BOSTON — Male circumcision does not reduce the risk of HIV transmission from HIV-positive men to their female partners, but it does offer some protection to HIV-negative men and their female partners against the acquisition of genital infections associated with the spread of HIV, according to data presented at the 15th Conference on Retroviruses and Opportunistic Infections.
Heralded as “an HIV intervention that can really work,” male circumcision has previously been shown to reduce heterosexual acquisition of HIV in men, said Dr. Maria Wawer, a family health researcher at Johns Hopkins University, Baltimore, and cofounder of the Rakai (Uganda) Health Sciences Program—one of the largest HIV research, prevention, and care programs in Africa.
To determine whether the earlier findings would also hold true with respect to rates of heterosexual transmission of the virus by HIV-positive men to their wives, Dr. Wawer and colleagues randomized more than 1,000 HIV-positive men to immediate or delayed (by 24 months) circumcision and asked the 770 men in the study who were married to invite their wives to participate. A total of 566 wives enrolled, of whom 245 were HIV negative. The investigators' intent-to-treat analysis was based on 165 HIV-discordant couples, including 94 in the male circumcision arm and 71 in the control arm.

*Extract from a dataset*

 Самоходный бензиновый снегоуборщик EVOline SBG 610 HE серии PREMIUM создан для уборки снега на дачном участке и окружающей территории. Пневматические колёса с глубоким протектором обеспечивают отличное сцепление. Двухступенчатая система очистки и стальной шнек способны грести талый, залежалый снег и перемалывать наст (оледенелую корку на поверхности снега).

The men in the study were examined postoperatively if they underwent circumcision and then at 1, 6, 12, and 24 months, and the women were seen at 6, 12, and 24 months. At follow-up, the cumulative incidence of HIV in wives of circumcised men was actually higher than that observed in the wives of the noncircumcised men, at 13.8 per 100 person-years compared with 9.6 per 100 person-years, respectively.
Although the difference between the two groups was not statistically significant and could be a product of chance, “we were not seeing a trend toward protection that we would have expected and hoped for,” Dr. Wawer said.
The researchers did observe that in both arms of the study, the incidence of HIV was highest in the first 6 months of follow-up and, in the circumcision arm specifically, the excess transmissions during this period occurred in couples who resumed intercourse more than 5 days before the circumcision wound was certified as fully healed, Dr. Wawer said.
“We're still analyzing the data, but it appears that after 6 months there is a trend toward protection in the circumcision group.” This finding, she noted, stresses the importance of waiting to have sex until the circumcision wound is fully healed to minimize the risk of HIV transmission.
Reporting on another of the Rakai studies that looked at the efficacy of male circumcision in the prevention of herpes simplex virus type 2 (HSV-2) among HSV-2- and HIV-negative men, Dr. Aaron Tobian, also of Johns Hopkins, noted that the relative risk of HSV-2 acquisition among the 1,400 men randomized to immediate circumcision was 7.6%, compared with 10.1% in the 1,387 men randomized to delayed circumcision.
In a nested study comprising 825 wives of men in the circumcision arm and 783 wives of men in the control arm who were followed for 1 year, the respective rates of symptomatic genitourinary disease in the intervention and control arms were 12.5% and 16.8%. The respective prevalence rates of trichomoniasis were 5.9% vs. 11.2%, and rates of bacterial vaginosis were 40.3% and 50.6%. Severe bacterial vaginosis was observed in 2.0% of the intervention wives and 6.5% of the control wives, Dr. Tobian said.
“HSV-2 infections, genital ulcer disease, and bacterial vaginosis are all cofactors for HIV infection,” he said.
By reducing the occurrence of these cofactors, “male circumcision offers some protection against HIV in these women,” he asserted.